Fine-mapping complex traits in large-scale biobanks across diverse populations

Abstract

Identifying causal variants for complex traits is a major goal of human genetics research. Despite the great success of genome-wide association studies (GWAS) in locus discovery, individual causal variants in associated loci remain largely unresolved, limiting the biological inference possible from follow-up experimentation. In this dissertation, I present our fine-mapping analyses of complex traits in large-scale biobanks across diverse populations to create an atlas of causal variants.

We first fine-mapped complex traits using 361,194 European individuals from UK Biobank (UKBB) and gene expression using 49 tissues from GTEx (Chapter 1). We then extended our fine-mapping of complex traits to multiple populations, using 178,726 Japanese individuals from BioBank Japan and 271,341 Finnish individuals from FinnGen (Chapter 2). In total, we identified 4,518 variant-trait pairs with high posterior probability (> 0.9) of causality across the three populations. Aggregating data across populations enabled replication of 285 high-confidence variant-trait pairs as well as identification of 1,492 unique fine-mapped coding variants and 176 genes in which multiple independent coding variants influence the same trait. These results demonstrate that fine-mapping in diverse populations enables novel insights into the biology of complex traits by pinpointing high-confidence causal variants for further characterization.
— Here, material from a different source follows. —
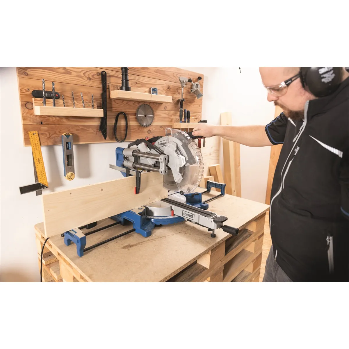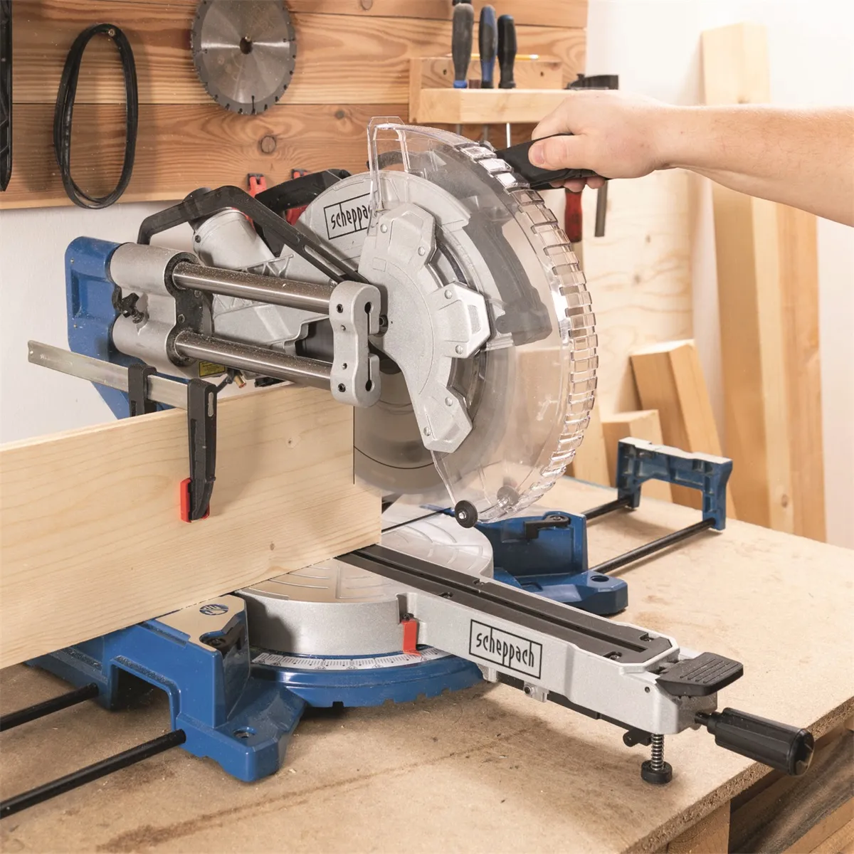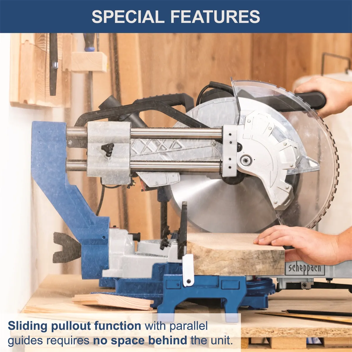 - Scheppach HM 305 SL je velká a výkonná pokosová pila, která je postavená na nové základně s pevnými vodícími tyčemi. To znamená, že i když používáte funkci potahu, pila nepotřebuje žádný prostor za sebou, ale může být přistavena přímo u zdi. To se hodí například při práci ve stísněných prostorech, v menších dílnách nebo tam, kde Vám šíře pracovního stolu nedovoluje ukotvit stroj dostatečně daleko od stěny a funkce potahu by se nedala využít. Díky výškovému prodloužení se do pily vejde obrobek o výšce až 180 mm. Nadstandardní parametry jsou rovněž možnosti úhlování hlavy až do 48° na každou stranu a možnost natočení stolku od -50° do +50°. Pila je postavena na velmi pevném rámu z lehké slitiny hliníku, který je při příznivé hmotnosti nejenom velmi stabilní, ale zaručuje rovněž dostatečně tuhý základ, nutný pro provádění přesných řezů. Standardně je stroj osazen kvalitním kotoučem se 48 zuby z tvrdokovu, který, spolu s vysokou řeznou rychlostí, zajistí hladký a precizní řez bez otřepů. Výhodou pro řezání v tvrdších materiálech je i silný motor o výkonu 2000 W s funkcí pomalého startu a velký prořez 105 mm. Pila je vybavena laserem, pro přesnou kontrolu řezu, přehledným pravítkem, dvěma rozšiřovacími stolky, rychloupínacím systémem pro nastavení úhlu řezu, prachovým sáčkem a svorkou.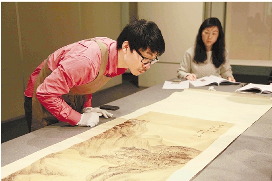 浙江美术馆工作人员开箱验画。

Next, we investigated fine-mapping accuracy in GWAS meta-analysis (Chapter 3). We demonstrated that meta-analysis fine-mapping is substantially miscalibrated in simulations and proposed a novel quality-control method, SLALOM, that identifies suspicious loci for meta-analysis fine-mapping. Having validated SLALOM performance in simulations, we found widespread suspicious patterns in existing GWAS significant loci that call into question fine-mapping accuracy. We thus urge extreme caution when interpreting fine-mapping results from meta-analysis.

Finally, we introduce a new polygenic risk score (PRS) method, PolyPred, that improves cross-population polygenic prediction by combining a new fine-mapping-based predictor and a published BOLT-LMM predictor (Chapter 4). Leveraging estimated causal effects from fine-mapping enabled higher PRS transferability in non-European populations, achieving up to +32% improvement in prediction accuracy vs. BOLT-LMM using UKBB Africans.

Altogether, this work demonstrates key advances in fine-mapping complex traits across diverse populations and provides insights into further variant characterization as well as improved polygenic prediction based on fine-mapping.